Benedikt Sebastian stars as Mosley, an ex-cop living in L.A. (Is the name a salute to crime novelist Walter Mosley? Perhaps.) Mosley reluctantly decides to turn private eye after he’s approached by his new neighbor, Zemira (Olivia Buckle), with an assignment. Zemira claims that she’s being blackmailed by a quick-tempered brute named Boyd (Robert Ackerman Moss), and she wants Mosley to help her escape from his clutches. What she doesn’t tell him is that she’s a bank robber working under Boyd. As Mosley investigates, he runs into several other characters who may or may not be up to no good, including Zemira’s ex-husband James (Jay Habre) and Keisha (Sara Elizabeth Ryan), a young woman who prides herself on the fact that she hates to read yet works in a bookstore.
While much of Toxic Impulses feels familiar — for instance, a certain good guy is certain to actually be a bad guy, a twist that can be spotted even from a Chinese spy balloon 60,000 feet in the air — a few interludes prove to be unexpected, none more so than a major plot pirouette that occurs entering the home stretch.
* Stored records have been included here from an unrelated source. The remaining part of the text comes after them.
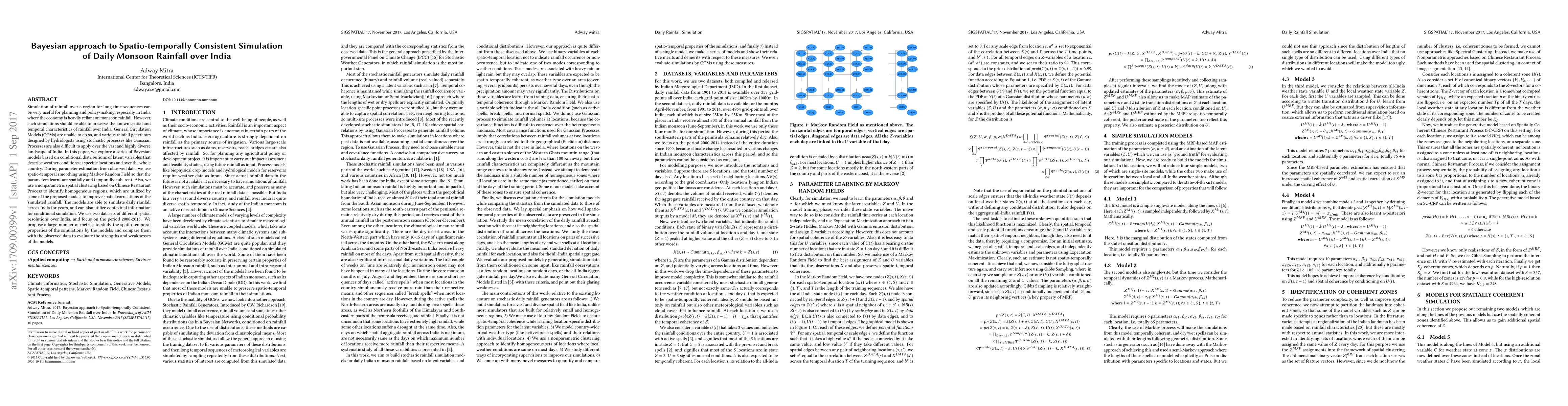 This paper proposes Bayesian models for simulating daily monsoon rainfall over India, ensuring spatio-temporal consistency. The models incorporate spatial and temporal smoothing, and use nonparametric clustering to identify homogeneous regions, achieving coherent simulations over long time-sequences.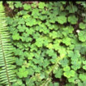 Close-up of carpet of three-leaved green plants with a branch of another plant to the left.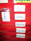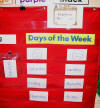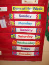 This was my Word Wall. I used a graphics program and typed up all the sight words in different colors and two words to a page. I printed them out onto cardstock, cut them apart, and then had them laminated. Now I can use the sight words from year to year. We started off the year with the students' names and then I started adding 5 new sight words per week. One year, after doing the students' names I started with the color words, months, days of the week, and sight words simultaneously. (I added one color word and sight word a week; the month and day of the week as it came.) Last year, since I'd made the words bigger, I knew I wouldn't have enough room for all the words, so I changed how I introduced them. On the "calendar wall" I had the days of the week and months of the year posted, and I had several charts of the color words for the students to use. Even with deleting all those words from the Word Wall, I still didn't have enough room for all the words we'd covered.
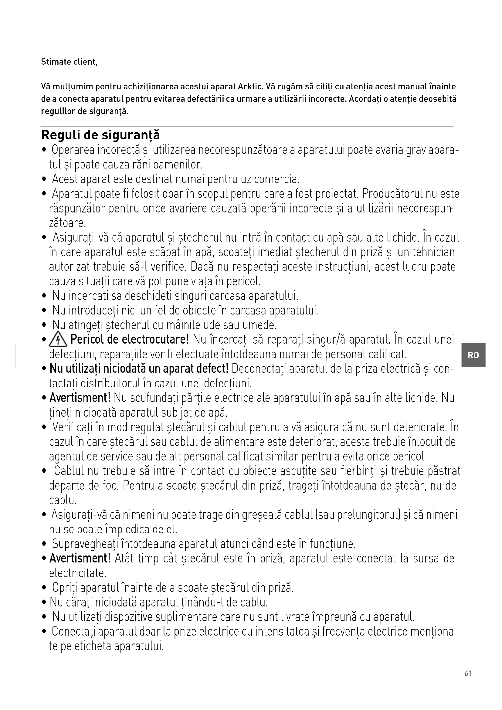 Stimate client, Vă mulțumim pentru achiziționarea acestui aparat Arktic. Vă rugăm să citiți cu atenția acest manual înainte de a conecta aparatul pentru evitarea defectării ca urmare a utilizării incorecte. Acordați o atenție deosebită regulilor de siguranță. Reguli de siguranță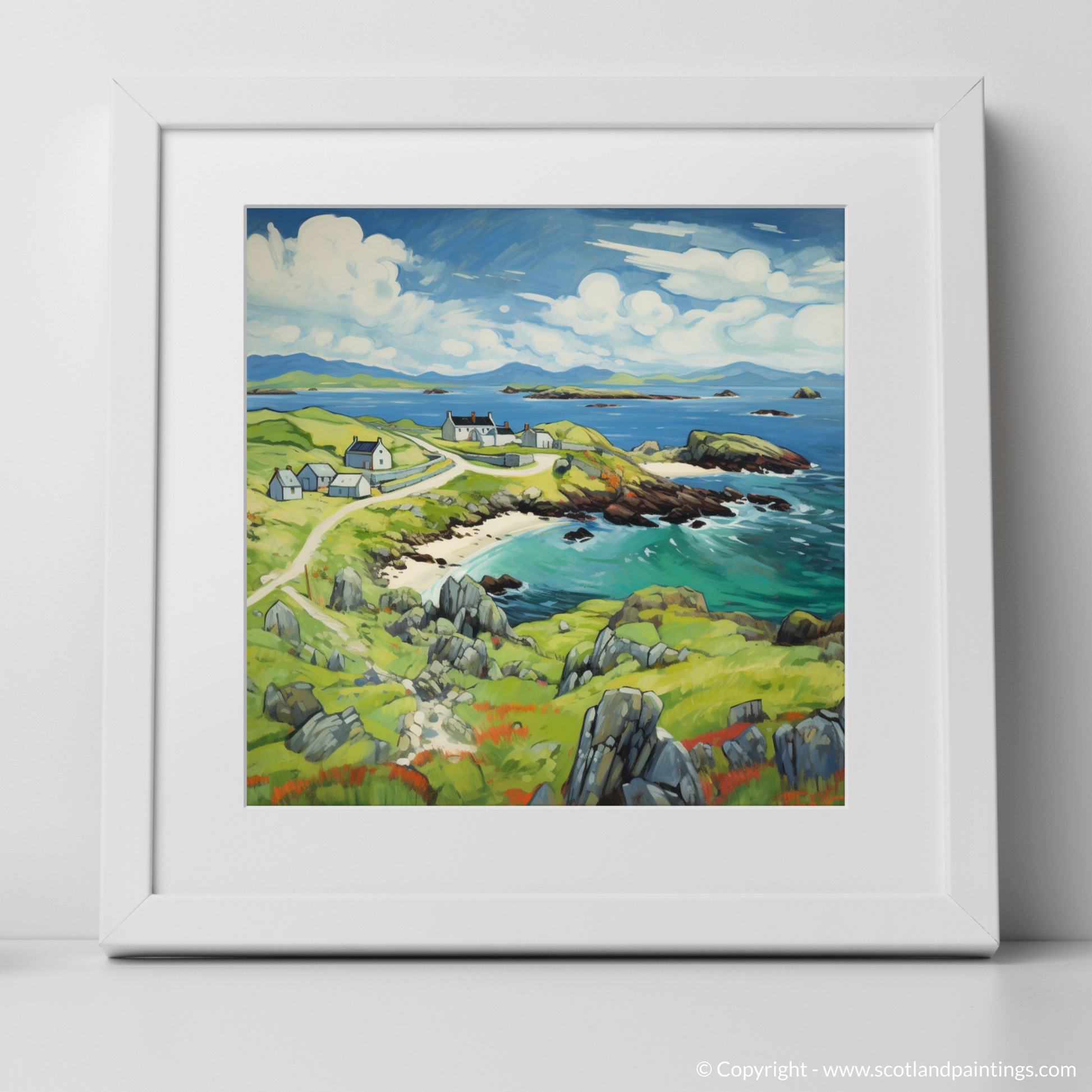 Unwind with a serene slice of Scottish charm, encapsulated in the quaint and colourful representation of the Isle of Iona. This artfully naive print brings the picturesque landscape to life through the lens of simplicity and warmth, making it a beloved inclusion in our 'Scotland Favourites' collection.
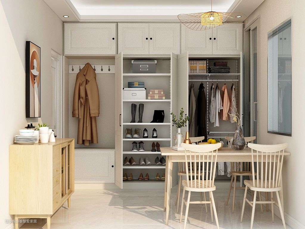 如何将狭长的玄关充分利用一直是一道难题,将一字型金属衣帽间和传统的柜体相结合,不仅提高了玄关的利用率,还实现了衣帽间的自由。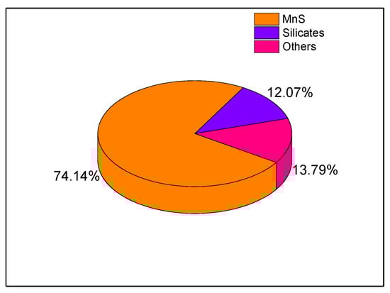 After EDS analysis of the studied non-metallic inclusions’ chemical composition, it was found that the vast majority of them were compounds of MnS (about 74%). Silicates were the second most frequent type of inclusions (mainly SiO2 and CaOSiO2), accounting for about 12% of the total. The remaining inclusions were compounds of Al2O3, 3CaO·Al2O3, CaO·Al2O3, CaO·2Al2O3, CaO·6Al2O3, FeSiC, FeSiO, AlCaO, AlMgCaO, etc. Figure 9 depicts the distributions of the non-metallic inclusions found.

It’s a startling development, to say the least.
Buckle was an interesting choice to play Zemira — we’re used to our noir leading ladies looking as slinky and sultry as Gene Tierney or Lauren Bacall, but here the femme fatale has been recast as the girl next door. Sebastian brings an affable hangdog quality to his character — if Mosley has a screen antecedent, it wouldn’t be Humphrey Bogart’s steely Philip Marlowe in Howard Hawks’ The Big Sleep but Elliott Gould’s shambling Philip Marlowe in Robert Altman’s The Long Goodbye. Yet what amused me most about this character is that, intentionally or not, Mosley comes across as a complete imbecile: unable to read people, not picking up on obvious clues that something’s amiss, and wasting valuable time chasing what’s obviously a false lead long after the point that even a 5-year-old would have grasped the situation. Mosley is like the Forrest Gump of former flatfoots, the Inspector Clouseau of indie investigators, and the Spicoli of shuffling shamuses all rolled into one.
(Toxic Impulses is available to rent or purchase on Amazon Prime, Google Play, and other streaming services.)